Model Explainability Using SHAP

Machine learning models are frequently viewed as "black boxes", which makes it challenging to analyse them. We require Explainable Machine Learning algorithms that reveal some of these qualities in order to comprehend what are the key features that influence the model's output.

Machine learning interpretability becomes an element of the criterion for a decent model when investments are at stake and when you're working with real-world issues. You may estimate the contribution of each feature in your data to the prediction of the model using feature importance. It helps to determine which features are having the biggest impact on your model's decision-making by conducting feature importance tests. As a result, you can take action by eliminating features that have little bearing on the model's predictions and concentrating on enhancing the more important qualities. This has a big impact on model performance.

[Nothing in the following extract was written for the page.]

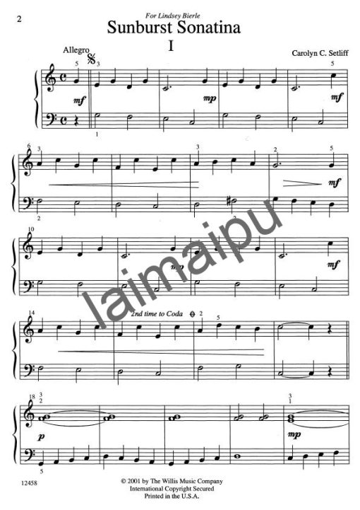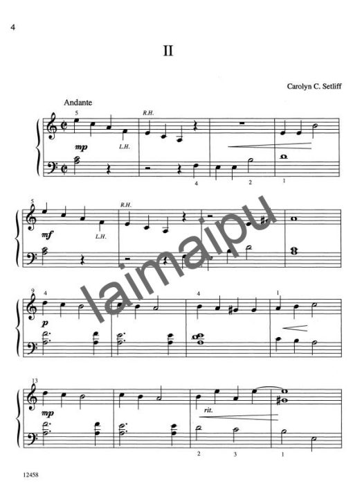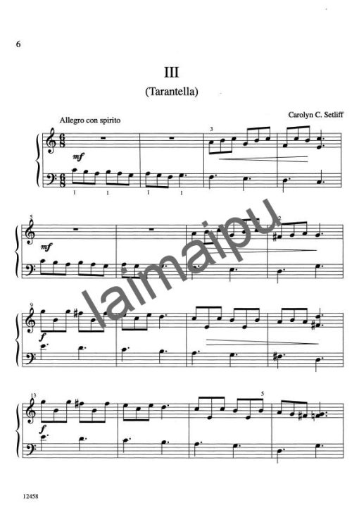 2级、3级、单曲 (一本谱只有一个作品)、钢琴 (一台琴)、1人、独奏、难分风格教学小品、Setliff, Carolyn C. | 塞特利夫、Willis Music、外文乐谱

The SHAP (Shapely Additive Explanations) approach is one of these methods, which explains how each feature influences the model and enables local and global analysis for the given dataset and issue.

SHAP implementation:

We must train our model before utilizing SHAP. Take a dataset and train any model such as a CatBoost Regressor. We must make an Explainer object and use it to assess a sample or the entire dataset in order to calculate SHAP values for the model. For each feature in our model, we will have one SHAP value for each observation.

SHAP Plots:

The SHAP values can be seen using some great tools in the Shap library. Let’s see some of the plots below.

1. Waterfall plot:

Waterfall plot (Source: image by the author)

The colour of each arrow in this plot indicates whether a particular factor has a positive (red) or negative (blue) impact on the prediction. The absolute SHAP value of each arrow's related property determines its length. Over the arrow, the SHAP value is written, and on the vertical axis, the value of the relevant feature is also written (for example in the plot above, the value of the feature LSTAT is 4.98, and its SHAP value is 4.64). The arrow is red and points to the right if the SHAP value is positive. When the SHAP value is negative, it is blue and moves to the left. Finally, by following these arrows, we arrive at the model prediction value f(x)=24.019. The feature with the highest absolute SHAP value is placed at the top because the features are ordered by their absolute SHAP values.

2. Force Plot:

Force Plot (source : image by the author)

Similar to a waterfall plot, a force plot has stacked horizontal arrows instead. According to how long they are, the red and blue arrows are arranged so that the red arrows grow longer from left to right and the blue arrows grow longer from right to left. Behind each matching arrow is put the value of the related feature, not its SHAP value.

3. Bar Plot:

Bar Plot (Source: Image by the author)

The SHAP values can also be shown using a bar plot. Each bar's length reflects the absolute SHAP value of the relevant feature. The SHAP values are written beside each bar and the bar is coloured red/blue for positive/negative SHAP values. The features are arranged in ascending order by their absolute SHAP values.

With a bar plot, we may use several instances as well. Then it will average the absolute SHAP values across all instances and order the features accordingly. Alongside the bars is also displayed the average of the absolute SHAP values.

Mean Shap: (Source: Image by the author)

4. Beeswarm Plot:

Beeswarm Plot (Source: Image by the author)

The Beeswarm plot resembles a bar plot, but instead of bars, there are dots for each SHAP value. Each dot's x location indicates the SHAP value for the related feature. The value of the appropriate attribute determines the colour of the dots. The instance with the greater value for each feature is red, whereas the other instance is blue. The features are arranged according to the mean SHAP values.

In this article, we have reviewed the application of SHAP library and its popular plots. The plots of SHAP could help user visually understand the feature importance and influence. So SHAP is a useful tool to explain and visualize machine learning which was normally "black box".